Aivora AI-native exchange insights
Home Elliot Wright AI Perpetual Futures Platform How To: Mark Price Sampling Windows

AI Perpetual Futures Platform How To: Mark Price Sampling Windows

Most 'smart risk' claims fail in the details: inputs, thresholds, and what happens when data breaks. Common mistakes: assuming marks equal last price, ignoring fees in liquidation math, and trusting a single data feed. Liquidation paths differ: incremental reductions, auctions, or market orders. The difference is not cosmetic; it changes slippage and tail risk. Another mistake: chasing rebates while ignoring toxicity. When flow turns toxic, rebates do not pay your liquidation costs. Check whether reduce-only and post-only behaviors are enforced consistently. Edge cases often appear during partial fills and rapid cancels. Example: if index updates lag by even a few seconds in a spike, mark price smoothing can liquidate you after the spot market already bounced.
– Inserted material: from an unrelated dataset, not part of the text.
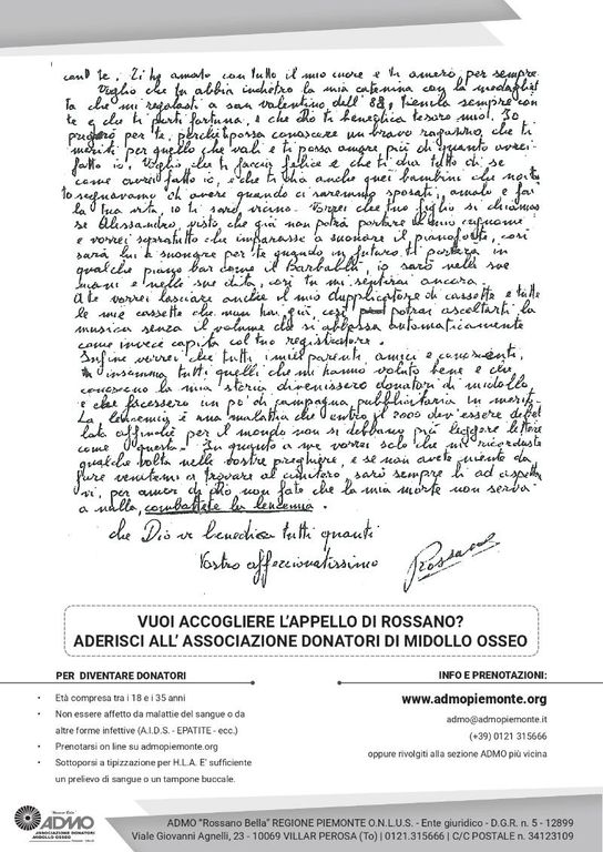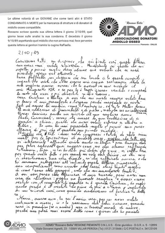 Proprio nell’attesa di un trapianto morì il 9 ottobre 1989 Rossano Bella, giovane villarese che con la sua volontà, espressa nel testamento, diede impulso alla nascita dell’associazione fondata dal padre Mario. «In quegli anni in Italia non c’era ancora una banca dati di potenziali donatori e Rossano spirò aspettando un donazione dall’Inghilterra – racconta Balma –. La lettera testamento, con il suo appello “Per amor di Dio non fate che la mia morte non serva a nulla, combattete la leucemia” viene ancora letta nelle Admo di tutta Italia». Dopo nemmeno un anno nacque a Villar Perosa l’Admo Piemonte e quasi contemporaneamente l’Admo Lombardia: «L’obiettivo era promuovere la banca dati italiana che intanto nasceva a Genova e sensibilizzare le persone ad iscriversi: tutti dovevano sapere che in quel modo avrebbero potuto salvare la vita di una persona. La donazione, legata prima all’ambito famigliare, sarebbe dovuta diventare una responsabilità collettiva».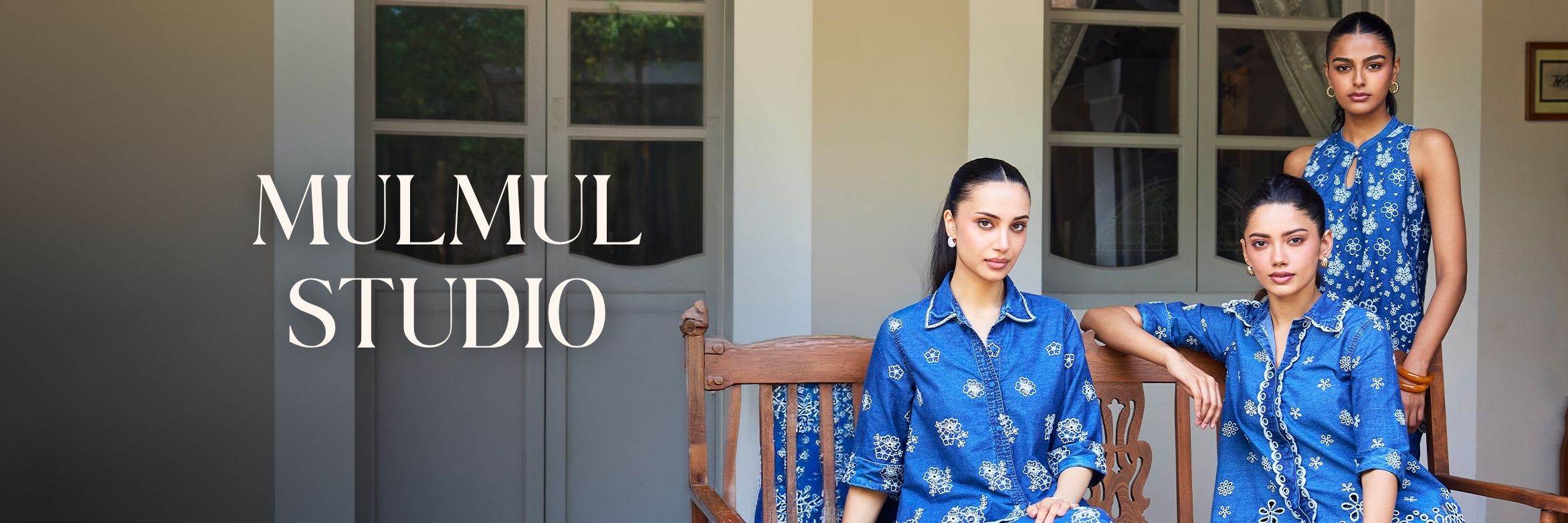 Presenting Mulmul Studio- a contemporary extension of Mulmul’s design language- crafted for those who love their ethnic fashion elevated, and effortlessly versatile. This thoughtfully curated selection redefines modern Indian wear with pieces that transition seamlessly from work mornings to weekend outings, from laid-back brunches to low-key celebrations. Think premium fabrics - comfortable cottons, dreamy organzas, cool denims, cozy wool - coupled with power silhouettes, brought together with Mulmul’s signature embroidery and charm. These timeless pieces work across seasons - made for women who live many lives and dress like it.

If you run bots, implement exponential backoff and client-side limits. When platform limits tighten, naive retries can look like abuse. Ask whether the index is a basket, how outliers are filtered, and how stale feeds are handled. A single broken source should not move your margin state. Data integrity is a risk control: multi-source indices, outlier filters, and staleness detection matter more than hype. Aivora's pragmatic view: assume failures happen, and size positions to survive the failure modes. Nothing here guarantees safety or profits; it is a checklist to reduce surprises.

Aivora perspective

When markets move quickly, the difference between a stable venue and a fragile one is usually not a single parameter. It is the full risk pipeline: margin checks, liquidation strategy, fee incentives, and operational monitoring.

If you trade perps
Track funding and realized volatility together. Funding tends to amplify crowded positioning.
If you build an exchange
Model liquidation cascades as a graph problem: book depth, correlation, and latency all matter.
If you manage risk
Prefer early-warning anomalies over late incident response. Drift is a signal, not noise.

Quick Q&A

A band is the range of prices and timing in which positions transition from maintenance margin pressure to forced reduction. Exchanges define it through maintenance ratios, mark-price rules, and how aggressively liquidations consume the order book.
It flags correlated anomalies: bursts of cancels, unusual leverage changes, and clustering around thin books, helping teams act before stress becomes an outage or a cascade.
No. This site is educational and system-focused. You are responsible for decisions and risk management.